Board chair Rissie Owens, who sided with the majority, cautioned against viewing Mr. Brown as a symbol of larger problems. "It's really hard to compare one case to another," she said.
Ms. Owens said the two "no" votes came from colleagues who were concerned about Mr. Brown's behavior in prison. He failed to finish his high school education, fought with guards and joined a gang before cleaning up his act in recent years.
The governor's appreciation of those concerns led him to reject commutation in favor of a conditional pardon, spokesman Ted Royer said. Mr. Perry, he said, felt Mr. Brown would need supervision "to assist in his reintegration."
Mr. Brown attracted supporters nationwide after ABC-TV's 20/20 news program highlighted The News' coverage of the two cases.
One, Andrew Linberg, a psychiatric social worker in Massachusetts who is experienced in helping prisoners re-enter society, will be Mr. Brown's long-distance therapist.
Mr. Linberg said that after learning of Mr. Brown's case, "I just lost my mind. I said, 'This is just so wrong.' "
Another out-of-state advocate was Charlie Douglas, a Florida lawyer who helped set up a Web site to press Mr. Brown's cause.

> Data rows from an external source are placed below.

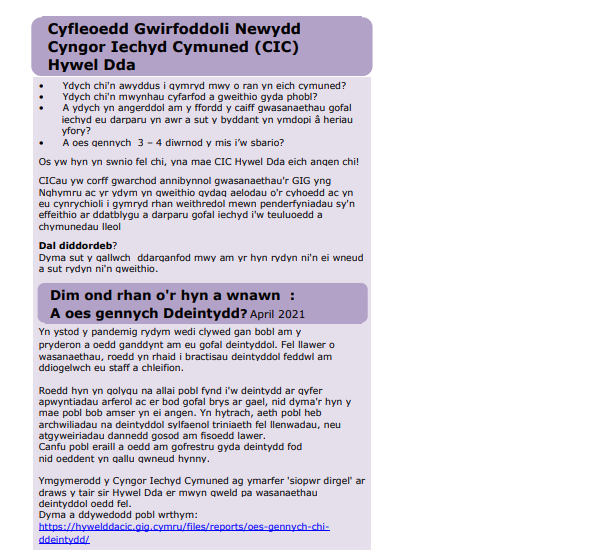 Diweddariad Cyngor Iechyd Cymuned Hywel Dda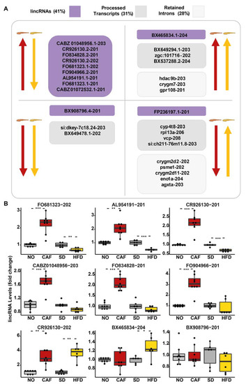 Figure 3. Most differentially expressed (DE) long intergenic noncoding RNAs (lincRNAs) were upregulated in the anxiety model and downregulated in the obesity model, similar to protein-coding genes. (A) Long noncoding RNAs (lncRNAs), classified as long intergenic noncoding RNAs (lincRNA) (purple), processed transcripts (dark grey), and retained introns (light grey) with fold change > 1.5 or <0.66, FDR < 0.05. Arrows pointing upward: upregulation, arrows pointing downward: downregulation. Yellow: obesity model; red: anxiety model. (B) qRT-PCR of lincRNA. N = 5–8 replicates (10–30 larvae/replicate), 2–3 separate experiments. Reference genes: average of eef1a1l1 and actb2. *—p < 0.05, **—p < 0.01, ***—p < 0.001. Student’s t-test.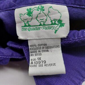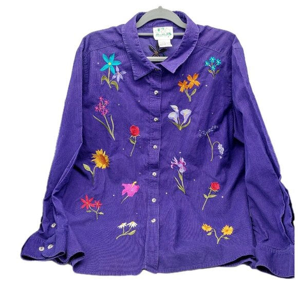 Quacker Factory Womens Corduroy Shirt Size 1X Purple Embroidered Floral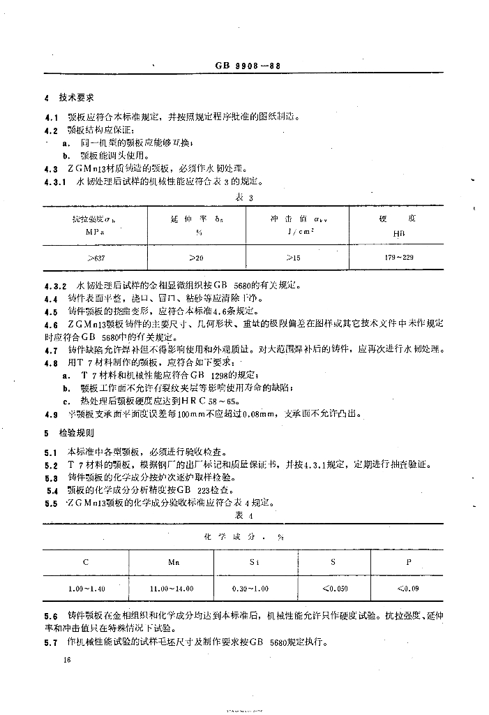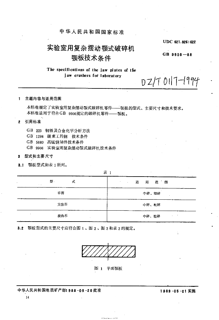 DZ/T 0117-1994 实验室用复杂摆动颚式破碎机颚板技术条件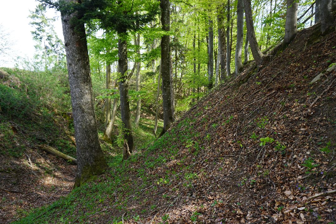 Kurz vor dem Sachsenrieder Bänkle kann man noch einen kleinen Wall gut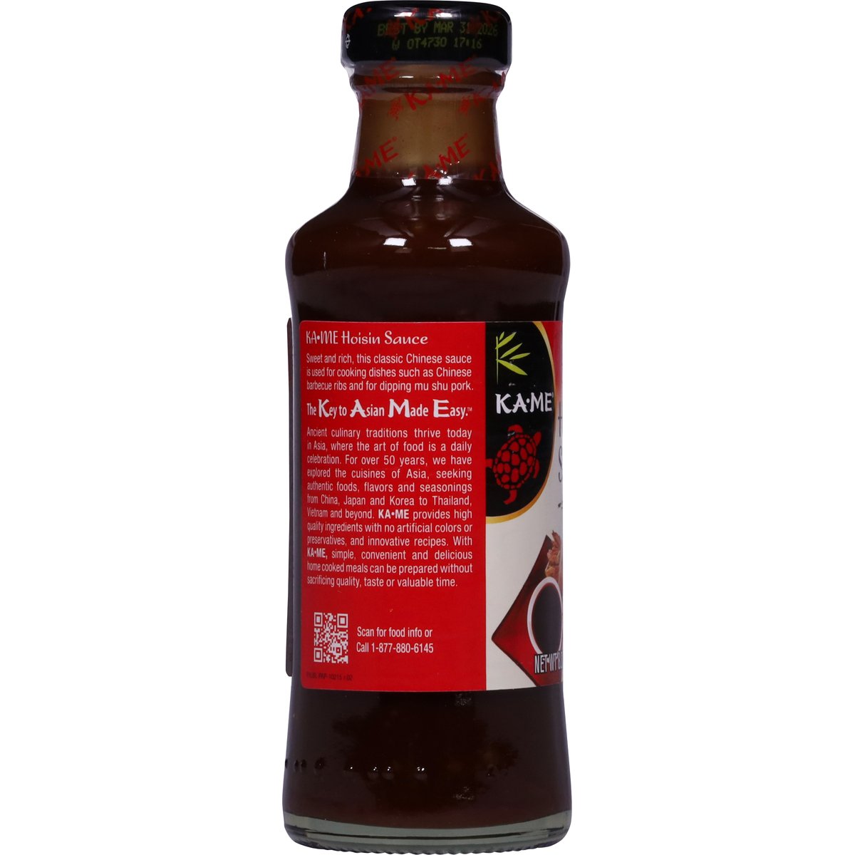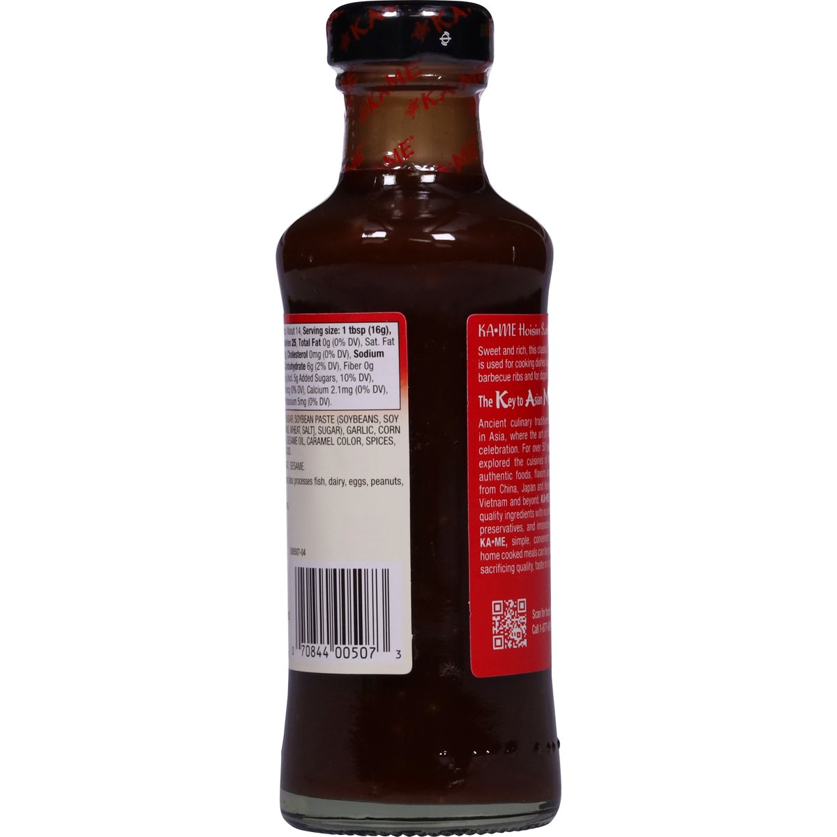 Sweet and rich, this classic Chinese sauce is used for cooking dishes such as Chinese barbecue ribs and for dipping mu shu pork. The key to Asian made easy. Ancient culinary traditions thrive today in Asia, where the art of food is a daily celebration. For over 50 years, we have explored the cuisines of Asia, seeking authentic foods, flavors and seasonings from China, Japan and Korea to Thailand, Vietnam and beyond. KA-ME provides high quality ingredients with no artificial colors or preservatives, and innovative recipes. With KA-ME, simple, convenient and delicious home cooked meals can be prepared without sacrificing quality, taste or valuable time. panosbrands.com. Scan for food info or call 1-877-880-6145. Product of Thailand.

"Although I had hoped for a complete commutation, I am not disappointed with a conditional pardon because Tyrone will be leaving prison and coming home," Mr. Douglas said. "I have no doubt that Tyrone will be an upstanding citizen of Dallas, and he will contribute to the community that has given him so much."
In all, more than 800 people around the country contacted the governor's office in favor of commutation. No one wrote or called in opposition, Mr. Royer said.
Much of the support came from outside the Dallas area. Former Dallas NAACP president Bob Lydia, who worked behind the scenes for months on Mr. Brown's behalf, said that was because "a lot of people here have allegiances to Judge Dean."
Mr. Perry previously had rejected most other commutation recommendations made by the board. One commutation he granted, over the protest of a robbery victim, ended badly - the freed prisoner later got arrested on drug charges and is back in prison.
The Brown case, however, came with strong support from the victim.
"I think he's done his time," said Bill Hathaway, whom Mr. Brown robbed of $2. "I have nothing against him."